# WebMCP: Everything You Need to Know
WebMCP dropped on February 10, 2026. I heard the announcement, opened Chrome Canary, enabled the flag, and typed this in DevTools:
```js
console.log(navigator.modelContext);
// ModelContext {}[[Prototype]]: ModelContext
```
It was real. So I spent the next week going deep — building with it, reading the W3C spec, comparing it to Anthropic's MCP. This is everything I found.
## The Problem WebMCP Solves
Before I explain what WebMCP is, let me explain why it needed to exist.
Right now, when an AI agent wants to interact with a website — book a flight, fill a form, submit an order — it works like this:
```
1. Take a screenshot of the page
2. Send screenshot to a vision model
3. Model guesses where to click
4. Simulate the click
5. Take another screenshot
6. Repeat 10-20 times until done
```
This is called browser automation and it's how tools like Playwright, browser-use, and most agentic AI work today. It's slow, expensive (every screenshot burns tokens), and incredibly fragile — move a button 5 pixels and the agent breaks.
WebMCP is a completely different approach. Instead of the agent _guessing_ how to interact with your site by looking at screenshots, your website tells the agent exactly what it can do — through structured, callable JavaScript functions.
## What WebMCP Actually Is
WebMCP (Web Model Context Protocol) is a new browser-native JavaScript API — a W3C Draft Community Group specification published February 12, 2026, authored by engineers from Google (Khushal Sagar, Dominic Farolino) and Microsoft (Brandon Walderman).

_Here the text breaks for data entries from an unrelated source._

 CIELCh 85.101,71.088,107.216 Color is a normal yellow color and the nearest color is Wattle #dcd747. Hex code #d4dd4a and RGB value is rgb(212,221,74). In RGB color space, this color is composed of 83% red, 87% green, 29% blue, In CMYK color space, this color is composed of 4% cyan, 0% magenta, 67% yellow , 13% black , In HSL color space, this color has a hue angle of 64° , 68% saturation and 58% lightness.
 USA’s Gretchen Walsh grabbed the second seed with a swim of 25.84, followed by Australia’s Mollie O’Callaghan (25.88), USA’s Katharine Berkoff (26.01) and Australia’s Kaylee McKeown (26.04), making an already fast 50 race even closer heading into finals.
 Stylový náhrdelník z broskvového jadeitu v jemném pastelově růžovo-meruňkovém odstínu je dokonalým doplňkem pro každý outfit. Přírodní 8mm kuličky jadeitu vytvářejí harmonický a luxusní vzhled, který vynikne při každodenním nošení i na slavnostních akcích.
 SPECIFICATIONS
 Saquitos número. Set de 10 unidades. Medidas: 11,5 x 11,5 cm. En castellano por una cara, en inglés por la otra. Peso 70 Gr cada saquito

The entire API surface lives on one property:
```js
navigator.modelContext;
```
That's the entry point to everything. When I ran this in Chrome Canary DevTools:
```js
console.log(Object.getOwnPropertyNames(ModelContext.prototype));
// ['clearContext', 'provideContext', 'registerTool', 'unregisterTool', 'constructor']
```
Five methods. That's literally the whole API. Four of them are the ones you'll use as a developer.
The spec's one-line abstract says it best:
> "The WebMCP API enables web applications to provide JavaScript-based tools to AI agents."

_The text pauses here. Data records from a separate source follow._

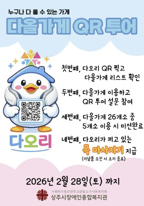 상주시장애인종합복지관은 1월 2일부터 2월 28일까지 지역 내 무장애 상가 이용을 활성화하기 위한‘다올가게 QR 투어’ 캠페인을 진행한다.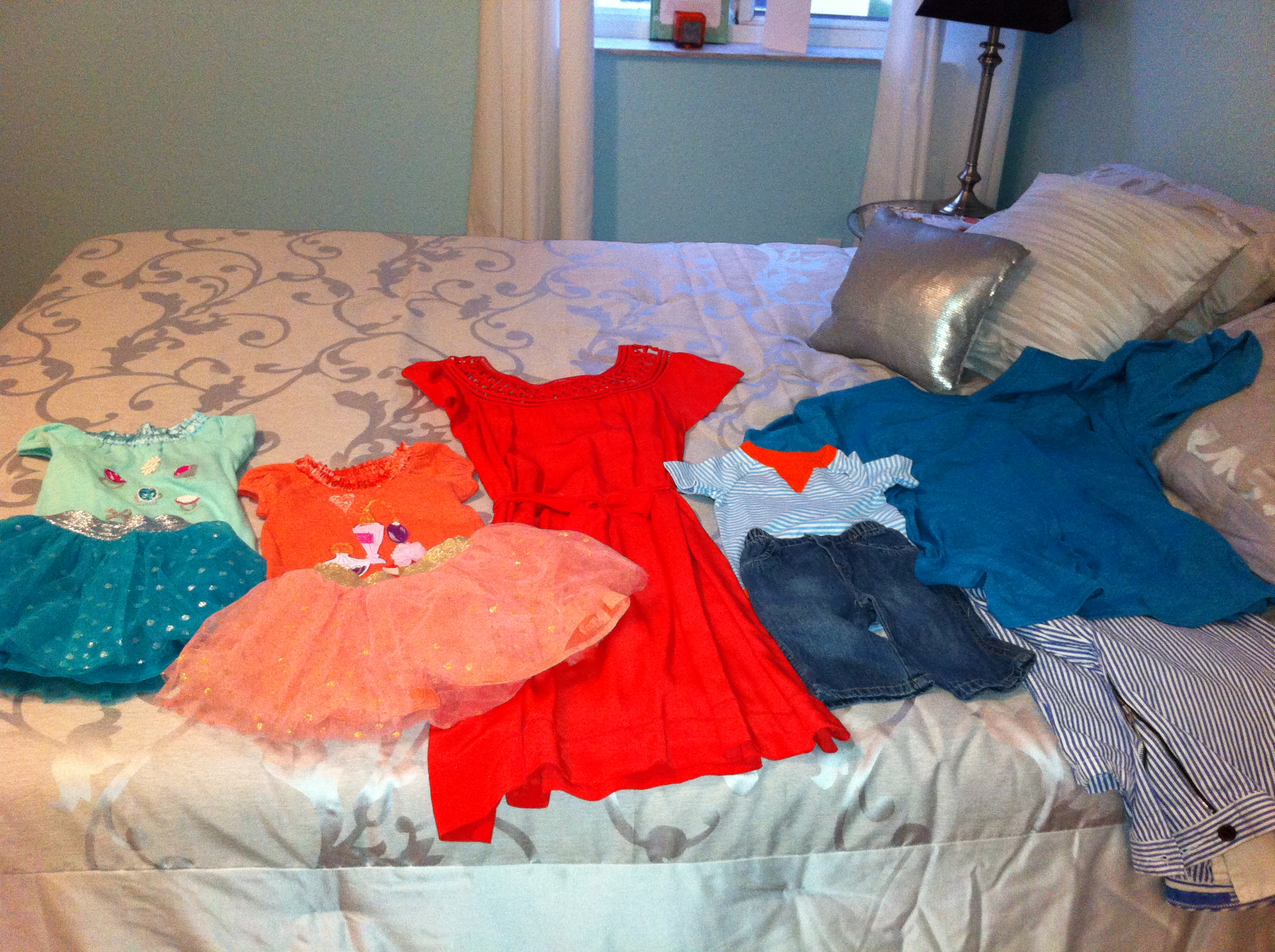 After trying on several different looks, I was ultra pleased that one of my favorite bright dresses finally fit again! Victor suggested wearing his seersucker pants since they are so beachy and comfortable. Once we figured out our outfits, I was on the hunt for the kids’ outfits.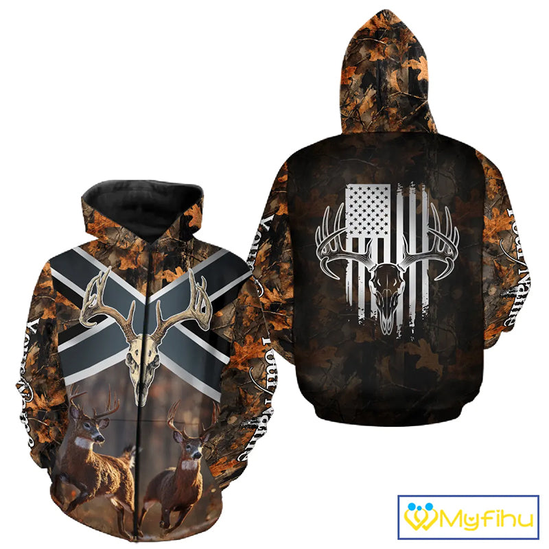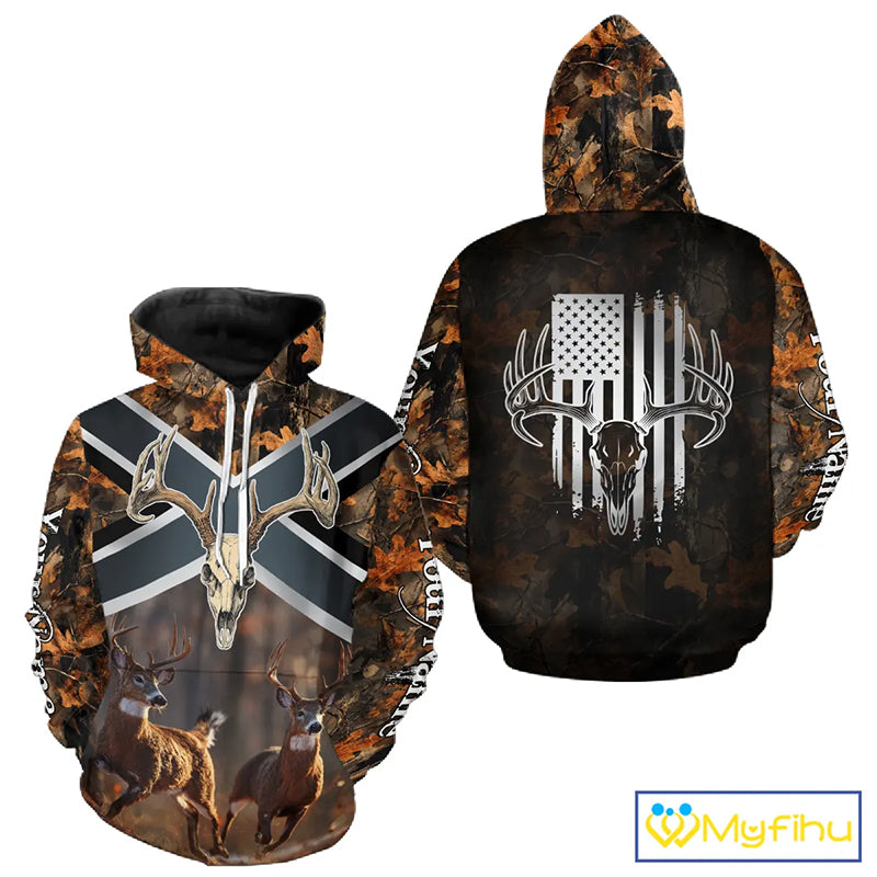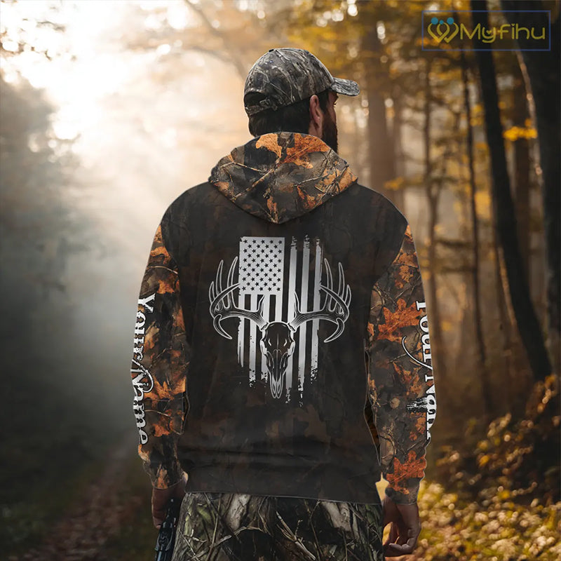 Hunting Shirt with Running Deer Design US Flag - Orange Camo Custom Name 3D Print NHT329

## The W3C Spec — What It Actually Says
I read the full spec at webmachinelearning.github.io/webmcp so you don't have to. Here's the complete IDL — the canonical definition of every interface:
```webidl
partial interface Navigator {
[SecureContext, SameObject] readonly attribute ModelContext modelContext;
};
interface ModelContext {
undefined provideContext(optional ModelContextOptions options = {});
undefined clearContext();
undefined registerTool(ModelContextTool tool);
undefined unregisterTool(DOMString name);
};
dictionary ModelContextTool {
required DOMString name;
required DOMString description;
object inputSchema;
required ToolExecuteCallback execute;
ToolAnnotations annotations;
};
dictionary ToolAnnotations {
boolean readOnlyHint;
};
callback ToolExecuteCallback = Promise<any> (object input, ModelContextClient client);
interface ModelContextClient {
Promise<any> requestUserInteraction(UserInteractionCallback callback);
};
```
A few things worth noting from the spec directly:
`[SecureContext]` — WebMCP only works on HTTPS. Plain HTTP sites won't have navigator.modelContext at all. This is intentional security design.

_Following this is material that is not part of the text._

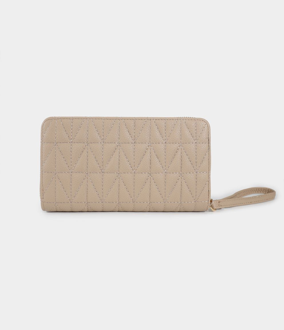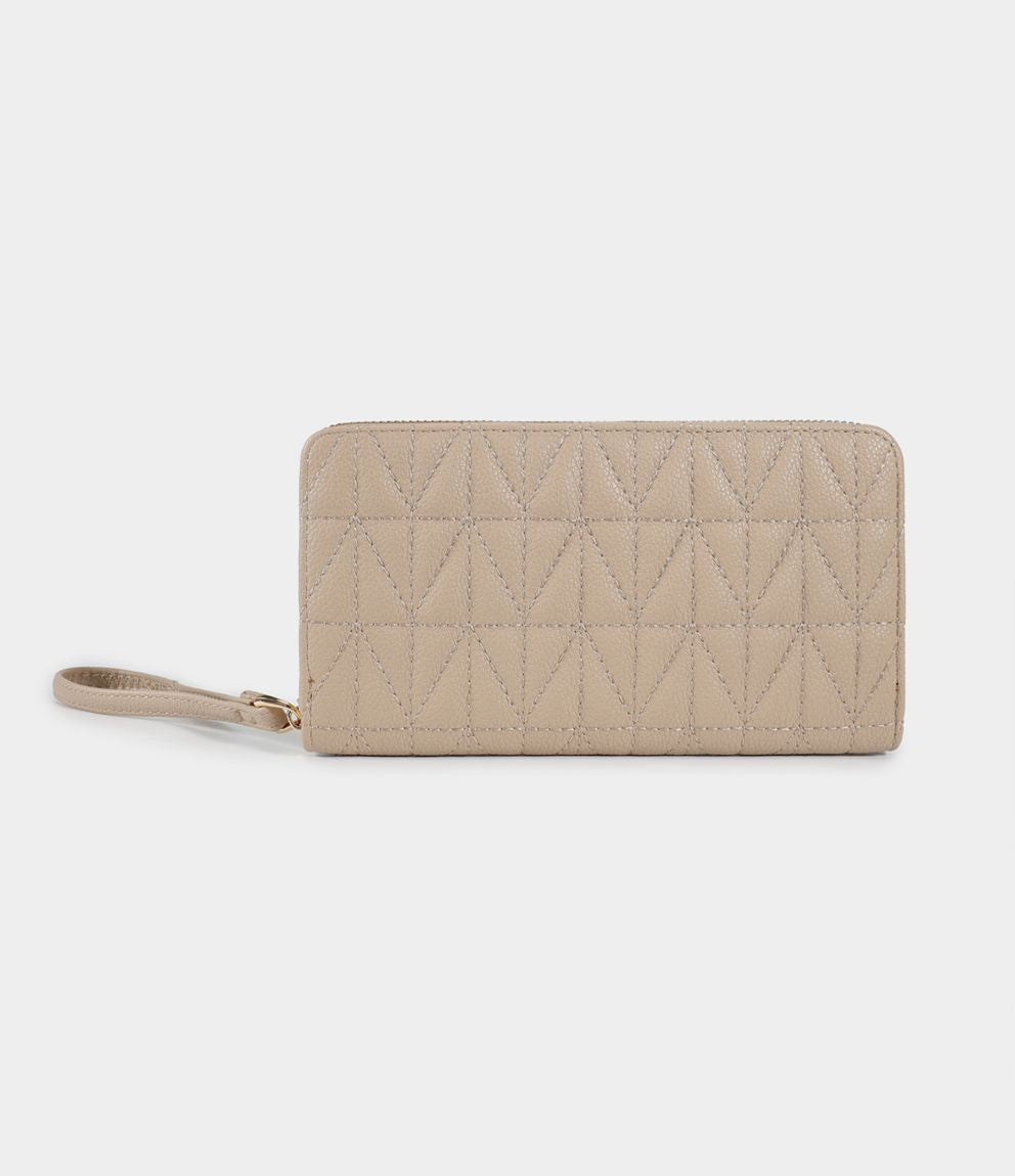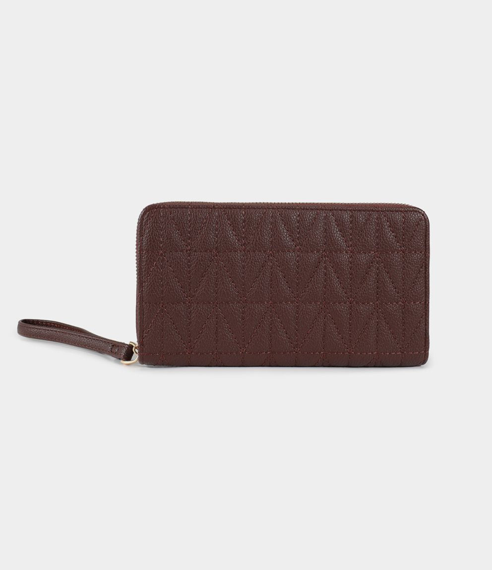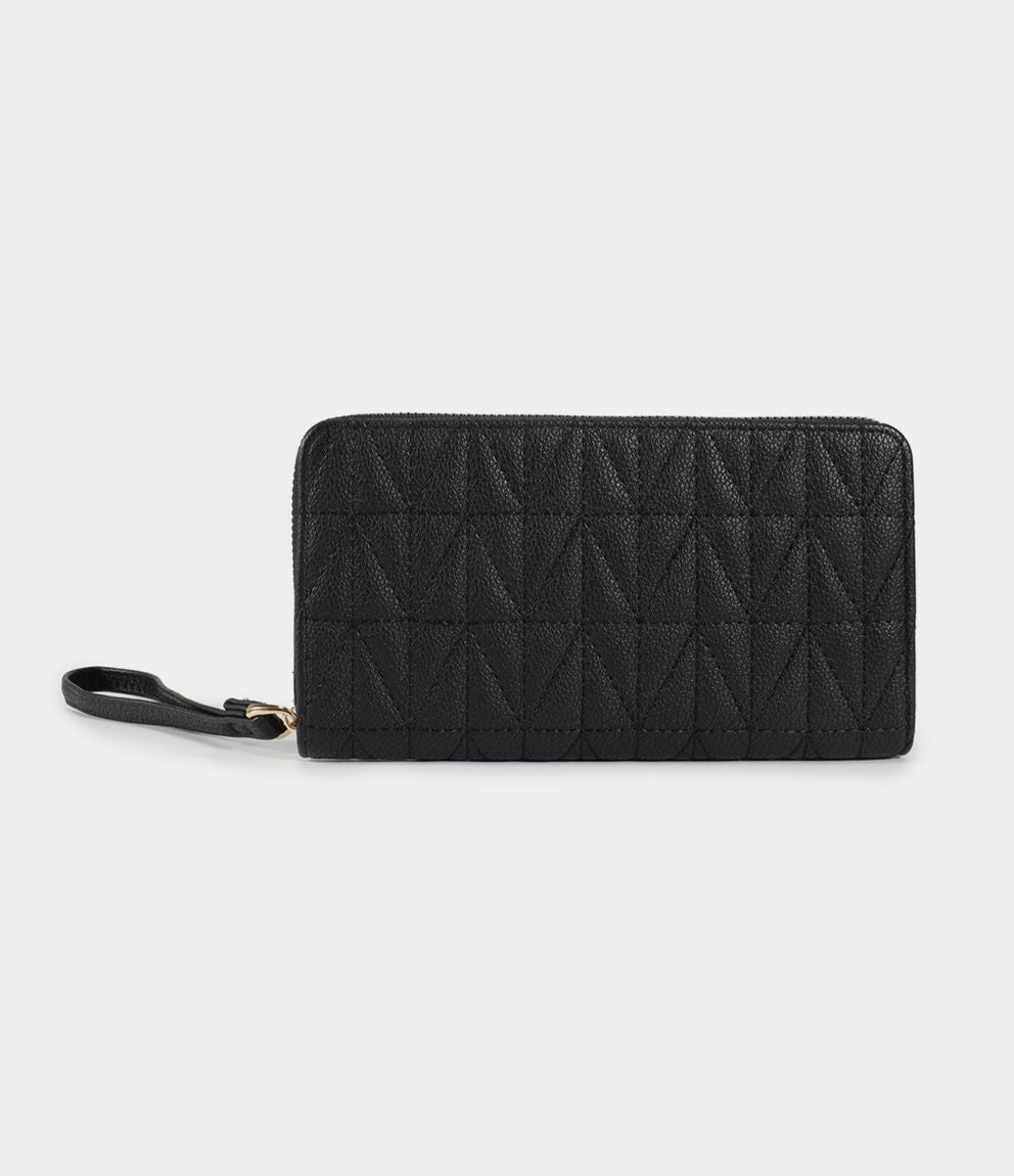 Portafogli rettangolare con manico, chiusura con zip e tasche interne.

`[SameObject]` — navigator.modelContext always returns the same instance. It's not creating a new object each access.
The spec names Claude and ChatGPT explicitly — under "AI Platform" terminology, the spec lists "OpenAI's ChatGPT, Anthropic's Claude, or Google's Gemini" as intended consumers. That's unusual for a W3C document and tells you this is built specifically for the current generation of AI.
Many sections say "TODO" — the Security section, Accessibility section, and all the implementation step details are currently blank. This is a living document being actively written. The interface is defined; the internals are still being specified.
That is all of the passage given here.